Creative District torna in scena con l'alta moda di sei brand emergenti. Appuntamento giovedì 28 giugno al Chiostro dell'Angelicum a Roma. Scopri di più

Creative District , uno dei progetti più interessanti presenti nel calendario di Altaroma.  In una location esclusiva e storica, il Chiostro dell’Angelicum, situato nel cuore della Roma antica, un fashion show che vedrà come protagonisti le collezioni haute couture di sei giovani designer. Creative District, un evento ideato da Antonio Falanga e Grazia Marino, prodotto da Spazio Margutta, che promuove in maniera sempre più incisiva il legame profondo tra le radici e la contemporaneità, tra la ricerca e l’innovazione.  La IV^ Edizione di Creative District avrà come protagonisti Gian Paolo Zuccarello, Asia Neri by Irene Mattei, Aline Oliveira, SoSud by Mario Costantino Triolo, Antudo e Dàvorin Cordone.

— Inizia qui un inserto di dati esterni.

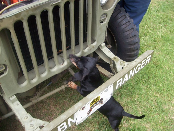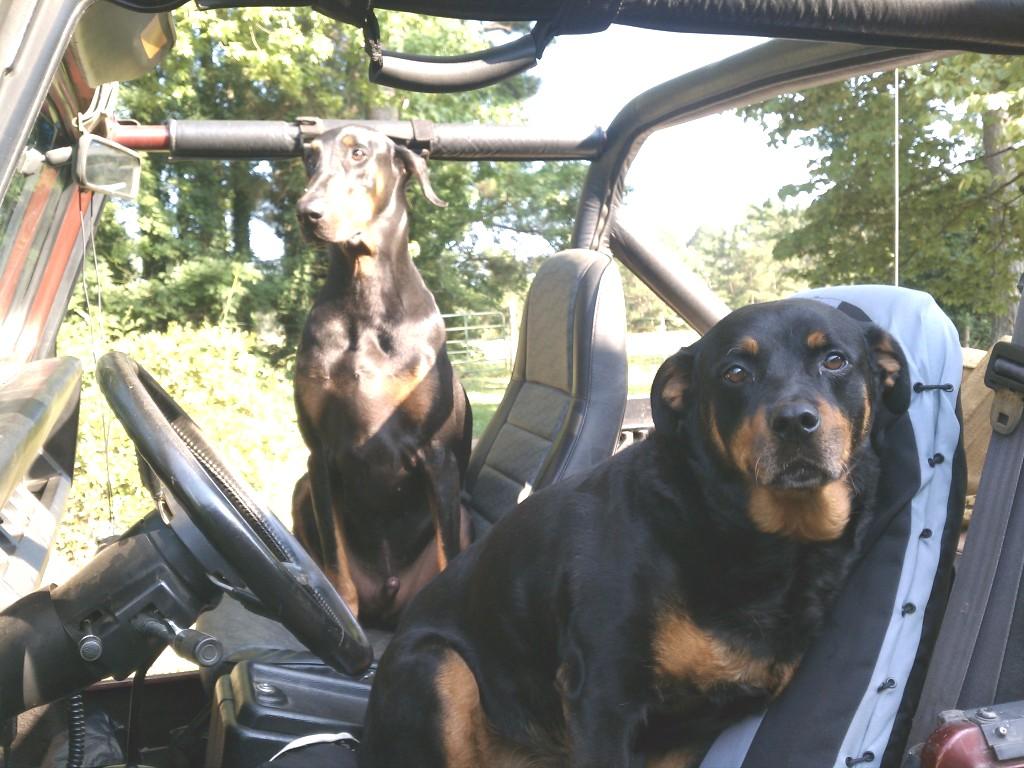 I HAVE A FRIEND WITH A '87 WRANGLERHE'S GOT A ROTTWEILER (BEAR) AND A DOBERMAN (APOLLO) APOLLO IS REALLY ALOT BIGGER THAN THE PIC REFLECTS
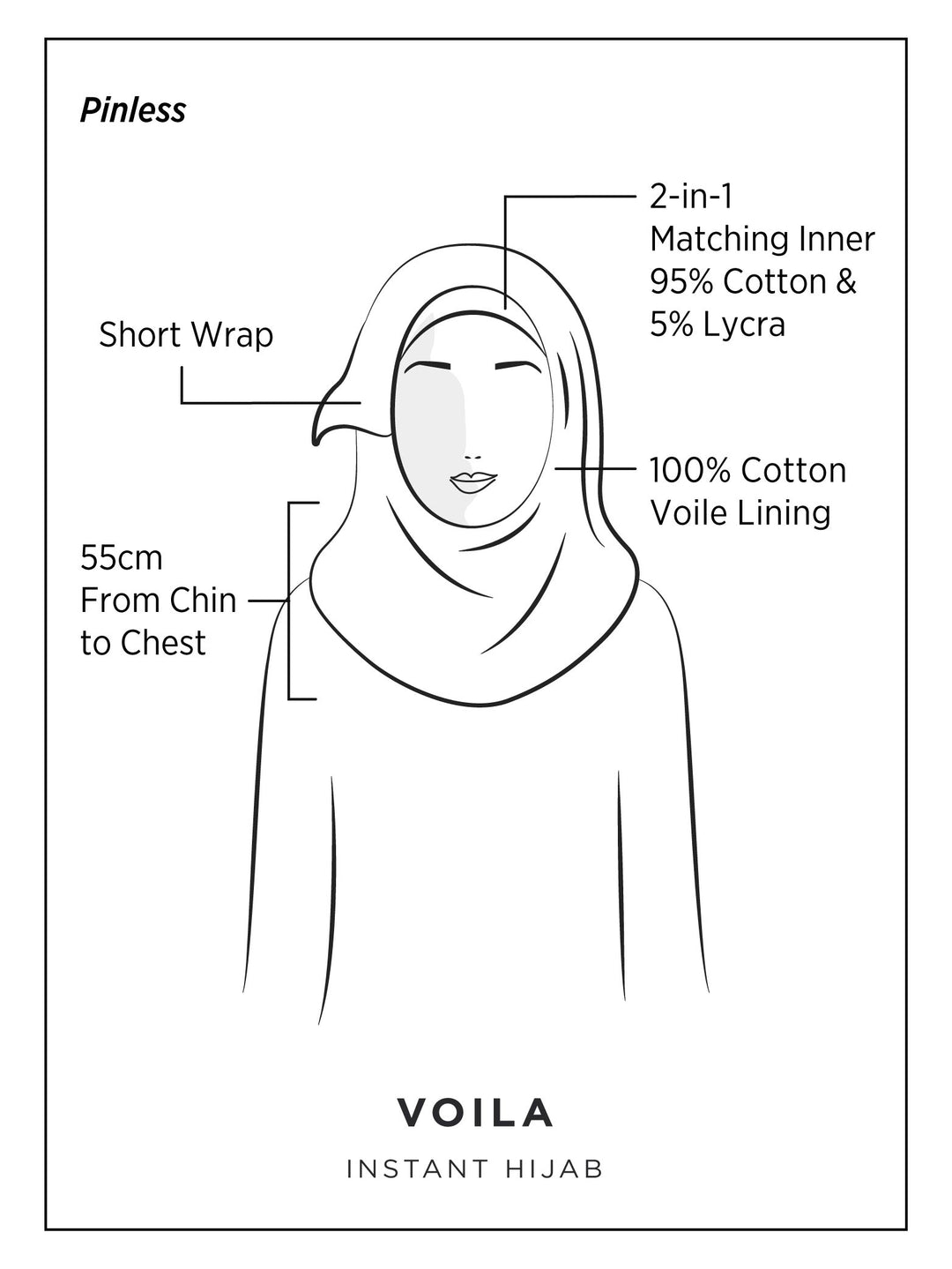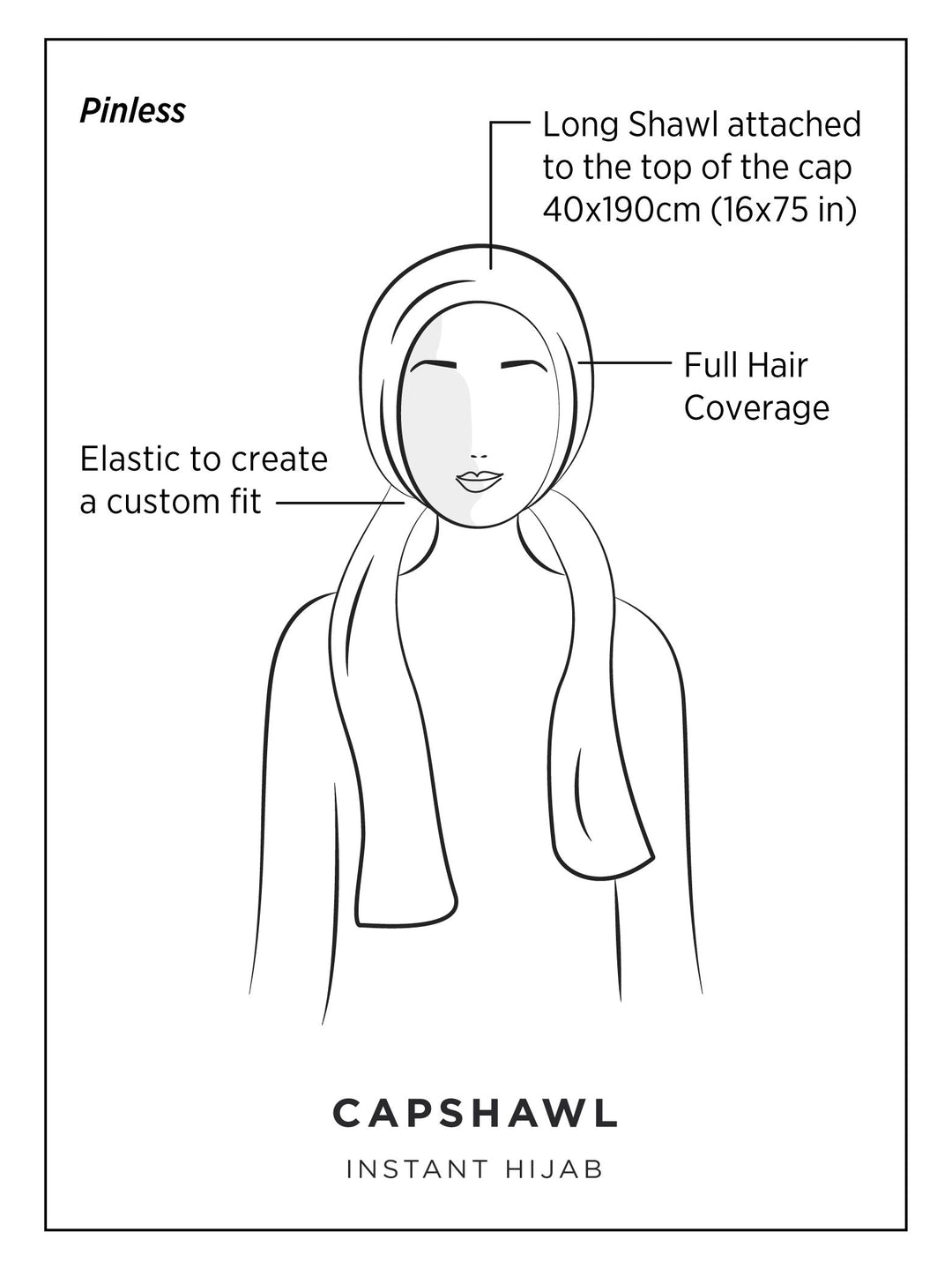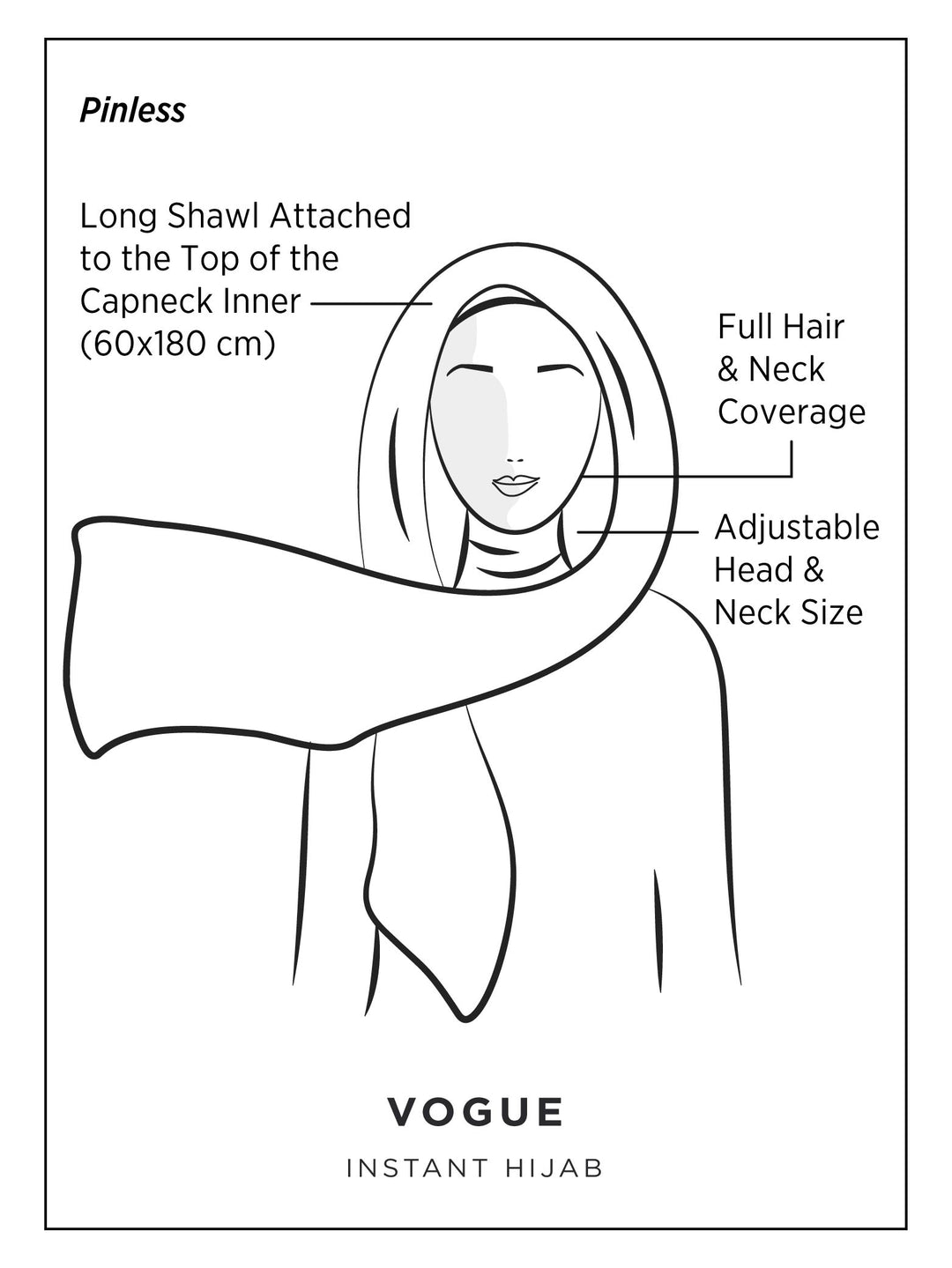 This instant hijab style will let you achieve a loose hijab or a modest turban look in no time. It features two long shawl ends 60x180cm (24x71in) attached to a full coverage inner that covers the hair and neck.

Gian Paolo Zuccarello Gli anni ’50 sono il periodo d’oro per l’haute couture parigina, che la consacrano capitale mondiale dell’eleganza. Christian Dior, Balenciaga, Givenchy sono sole alcune delle Maison che hanno fatto la storia della moda di quel periodo. La collezione “Madeleine”di Gian Paolo Zuccarello  prende ispirazione da un avvenente ballerina del Moulin Rouge che vuole conquistare Parigi non solo di notte sul palco, ma anche di giorno passeggiando per Champs-Élysées o sotto la Torre Eiffel. Indossa creazioni sartoriali che ne esaltano la bellezza e la femminilità. Ama essere protagonista con piume e cappelli, osa nei contrasti con colori forti e decisi, veste solo tessuti pregiati come il cachemire puro, velluti di seta, mikado di seta, chiffon, pizzi, cristalli e paillette. Asia Neri by Irene Mattei Prende ispirazione dal lusso, dalle stravaganze e dagli anacronismi del XVII secolo in Spagna. Creazioni sartoriali dalla vigorosa dimensione teatrale, che si impongono per la ridondanza formale, per la complessità degli intrecci e l’eccentricità dei decori. Gli elementi simbolo del periodo: mantelle bustini e i panier sottogonna reinterpretati in chiave moderna. Cappotti e cappe, in velluto, broccati e damascati in varie tonalità, arricchiti da frange e nappe. La seta morbida primeggia su abiti leggeri e fluttuanti, realizzati nelle nuance del blu intenso, dell’oro, del bianco e dell’argento. Must della collezione un ricamo d’oro che identifica, personalizza e impreziosisce ogni capo. Aline Oliveira Indimenticabili anni ’80, nei quali la parola d’ordine era osare, sempre e comunque. Parte da qui l’ispirazione della stilista per la sua collezione, un decennio caratterizzato dalla presenza di immagini stravaganti e profonda ostentazione, dai quali ha catturato la sensualità, l’audacia nonché la versatilità e la gioia di vivere di quel periodo. Vita alta, spalle esagerate, pieghe, drappeggi, maniche bombate, tailleurs e gonne aderenti. Le palette di colori si focalizza su colori decisi, vero e proprio must di stagione i tessuti: il cashmere, il velluto e la lana rasata.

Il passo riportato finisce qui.